There is a higher suicide rate in big towns and cities than in rural areas. In other words, where the status race is hottest, the suicide rate is highest. There are more male suicides than female suicides, but the females are catching up fast. In other words, the sex that is most involved in the status race has the highest suicide rate, and now that females are becoming increasingly emancipated and joining in the race more, they are sharing its hazards. There is a higher rate of suicide during periods of economic crisis. In other words, when the status race gets into difficulties at the top, there is an increase of re-directed aggression down the hierarchy, with disastrous results.
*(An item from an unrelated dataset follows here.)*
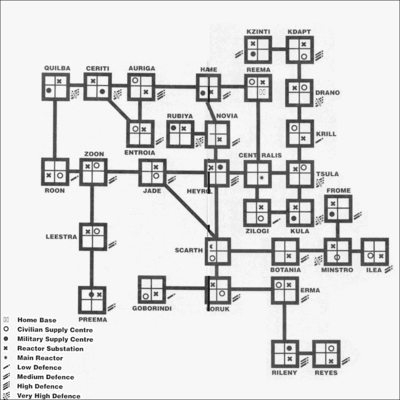 Reema ⇒ Hame ⇒ Auriga ⇒ Entroia ⇒ Ceriti ⇒ Quilba ⇒ Roon ⇒ Zoon ⇒ Leestra ⇒ Preema ⇒ Jade ⇒ Keyrol ⇒ Novia ⇒ Rubya ⇒ Scarth ⇒ Coruk ⇒ Goborindi ⇒ Erna ⇒ Rileny ⇒ Reyes ⇒ Botania ⇒ Minstro ⇒ Ilea ⇒ Frome ⇒ Zilogi ⇒ Kula ⇒ Tsula ⇒ Krill ⇒ Drano ⇒ Kdapt ⇒ Kzinti ⇒ Centralis

There is a lower rate of suicide during times of war. The suicide curves for the present century show two huge dips during the periods of the two world wars. In other words, why kill yourself if you can kill someone else? It is the inhibitions about killing the people who are dominating and frustrating the potential suicide that force him to re-direct his violence. He has the choice of killing a less daunting scapegoat, or himself. In peace-time, inhibitions about killing make him turn most often towards himself, but during war-time he is ordered to kill, and the suicide rate goes down.
The relationship between suicide and murder is a close one. To a certain extent they are two sides of the same coin. Countries with a high murder rate tend to have a low suicide rate, and vice versa. It is as if there is just so much intense aggression to be let loose, and if it does not take the one form it will take the other. Which way it goes will depend on how inhibited a particular community is about committing murder. If the inhibitions are weak, then the suicide rate goes down. It is similar to the war-time situation, where inhibitions against killing were actively and purposely reduced.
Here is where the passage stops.